Applying this method to comics, we would, of course, ignore all the images and lose the information they convey. On the other hand, looking at the words alone might yield interesting results. For instance, by comparing the frequency of words used in a particular comic to the frequency with which they occur in written language in general, we could test common hypotheses such as “author X uses word Y a lot”.
For comics of more than a few pages length, it would be nice to automatically create a list of all the words in digital form (at least those in speech/thought bubbles and captions – sound effects and inscriptions/labels can be difficult to automatically recognise). Unless a script for the comic you’re interested in is already available, a straightforward (though not necessarily easy) way to get such a list would be to obtain digital images (e.g. scans) of the pages of the comic, then run Optical Character Recognition (OCR) software on them.
As an example, consider these two panels from Akira, in which a scientist is introduced to some colleagues:
The OCR software www.onlineocr.net recognises the text in the five speech bubbles like this:
As far as I can see, only two mistakes (ノレ instead of ル and ですノ instead of です) were made. Instead of focusing on nouns (for which there probably are detecting algorithms for Japanese), it’s easier for now to just look at the kanji and filter out all hiragana and katakana characters. (While you can’t simply say that kanji represent nouns and kana represent other parts of speech, the idea here is that kanji tend to carry more semantic information than kana, which are often only used as flection suffixes.) That leaves us with the six kanji 初, 名, 前, 博, 士, and 初 again.
We can look up their frequency with which they occur in Japanese language in general, e.g. the frequency rank at WWWJDIC:
- 前: 27
- 初: 152
- 名: 177
- 士: 526
- 博: 794
i.e. 前 is the most frequent of the five, 博 the least frequent. Compare these ranks to the frequency with which they occur in our slim sample of two panels:
- 初: 33% of all kanji
- 前, 名, 士, 博: 17% each
What we can see here, if anything, is that two kanji, 士 and 博, are significantly more often used by Katsuhiro Ōtomo than by the average Japanese author.
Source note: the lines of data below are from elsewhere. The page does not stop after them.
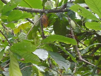 Das Foto gehört zur Serie "Kakao". Es zeigt Kakaofrüchte am Zweig. Es gelten die Nutzungsbedingungen der Mediothek und Pixiothek.
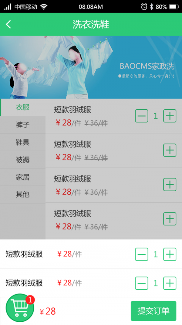 专属家政O2O平台,覆盖家政保洁,上门洗衣,上门维修,宠物等多种特色功能,没有技术门槛,一键安装!包含移动wap+原生app,全程基于微信开发;支持用户在线下单,服务人员在线抢单。
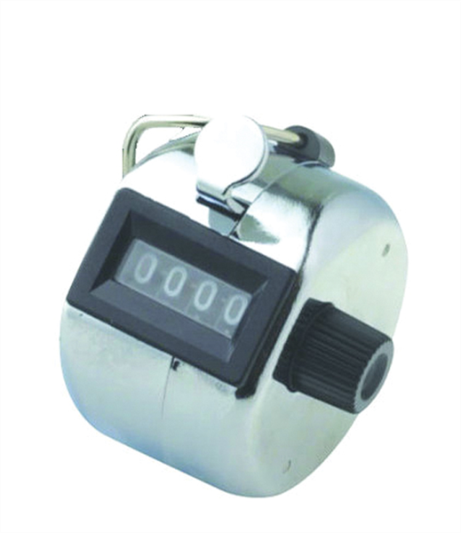 Four digit, stainless steel tally counter with the capacity to count to count up to 9,999.

This doesn’t come as a surprise, as the compound 博士 signifies the academic title ‘Dr.’, which is the appropriate form of address for the scientists in this scene, whereas the other kanji 前, 初 and 名 are linked to names and introductions in general, and thus more often used in standard Japanese.
However, even if the frequency of 士 and 博 remained above-average if we analysed all of Akira‘s over 2000 pages, that wouldn’t necessarily mean we had discovered a lexical characteristic of Ōtomo’s writing style. What it would tell us is that there is a subplot about scientists in Akira. Of course, topic analysis based on word frequency is nothing new. More interesting from a formal-lexical point of view would be if we discovered kanji used in different frequencies than we would expect with regard to the subject matter treated in Akira. In this situation it might be useful to look at synonyms: when Ōtomo had several options to express the same thing, why did he choose some words over others?
For instance, on the same page as the example above, the relatively infrequent (rank 920) kanji 栄 is used as part of the word “honour” in the expression “I’m honoured to meet you”. Instead, Ōtomo could have used the phrase “nice to meet you” for a third time, using the kanji 初 again, but he didn’t. Suppose there was a significant number of further instances of 栄 in Akira, maybe that would be a formal-stylistic choice, rather than one merely implied by the content of the comic?
I’m aware that all this is very hypothetical, and that looking at just a few panels doesn’t show anything, but if I wanted to analyse a comic in this way, I would basically go on about it as described here, only with more scans. If you would like to learn more about this kind of analysis, I recommend Allen Riddell’s tutorial on “Feature selection: finding distinctive words”.